La déclaration de samedi depuis le Palais est la réponse de Diomaye à ce piège. Il ne peut pas bloquer la loi sans déclencher une crise majeure. Mais il peut rappeler publiquement que Sonko est Premier ministre à sa discrétion, que la confiance est une denrée révisable, et que le jour où il estimera que l’intérêt du Sénégal prime sur l’intérêt de Pastef, il agira.
Ce que Sonko prépare
L’annonce d’un bilan de deux ans à la Primature, formulée devant la Jeunesse patriotique, n’est pas un exercice de transparence démocratique ordinaire. Dans le contexte de cette semaine, c’est un acte politique. Sonko qui fait son bilan, c’est Sonko qui se positionne. C’est Sonko qui dit à la base militante — et à travers elle à l’opinion sénégalaise — que sa gouvernance a produit des résultats, que son action mérite d’être jugée sur les actes et non sur les tensions internes, et que quoi qu’il arrive dans les couloirs du pouvoir, il reste debout et pertinent.
Ce bilan, s’il est bien préparé et bien communiqué, peut lui servir de trampoline. Un Premier ministre qui sort de son poste avec un bilan positif reconnu par l’opinion publique est un candidat présidentiel infiniment plus fort qu’un Premier ministre qui quitte le pouvoir dans l’ombre d’une disgrâce. Sonko le sait. Et c’est précisément pourquoi il choisit de prendre les devants, de définir lui-même le récit de ses deux années à la Primature, avant que Diomaye ne puisse le définir à sa place.
La phrase sur « ceux qui tentent de lui tourner le dos » prend ici tout son sens. Elle ne s’adresse pas aux ennemis historiques de Pastef. Elle s’adresse aux membres de la coalition qui pourraient être tentés de choisir Diomaye contre Sonko si la rupture devenait publique et formelle.
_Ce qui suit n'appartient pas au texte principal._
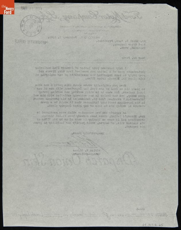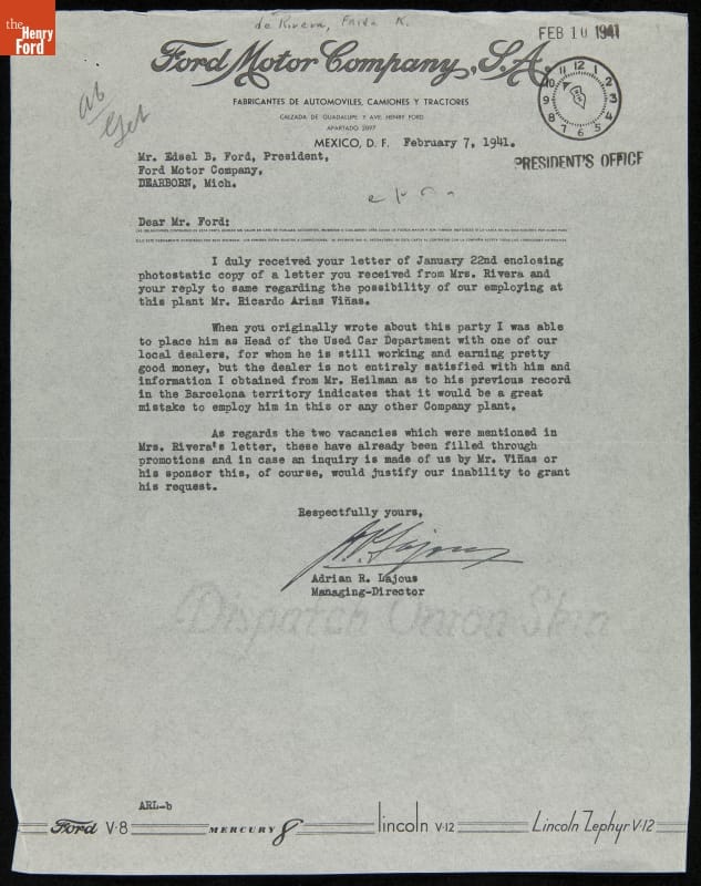 Letter from A. R. Lajous to Edsel Ford regarding Ricardo Arias Vinas, February 22, 1941

C’est un message de cohésion interne autant qu’une démonstration de force.
Ce que cette séquence dit du Sénégal
Le Sénégal qui se présentait depuis des décennies comme le modèle de démocratie stable en Afrique de l’Ouest est en train de vivre quelque chose d’inédit. Pas un coup d’État. Pas une répression. Pas une rupture constitutionnelle. Quelque chose de plus subtil et potentiellement plus durable — une coalition au pouvoir qui se divise à vue d’œil, deux leaders qui ne partagent plus la même lecture de ce qu’ils ont construit ensemble, et un pays qui regarde sans très bien savoir de quel côté sera demain.
Ce qui est en jeu derrière ce bras de fer n’est pas seulement la présidentielle de 2029. C’est la question fondamentale de savoir qui est vraiment le patron. Diomaye a la Constitution. Sonko a le parti. Dans les démocraties solides, la Constitution l’emporte toujours. Dans les partis à fort ancrage populaire, le fondateur résiste longtemps. Au Sénégal, en mai 2026, personne ne peut dire avec certitude lequel des deux finira par céder.
Ce qui est certain, c’est que le silence qui régnait entre les deux hommes a pris fin ce week-end. Et quand les alliés commencent à se parler en public, c’est souvent parce qu’ils ne savent plus se parler en privé.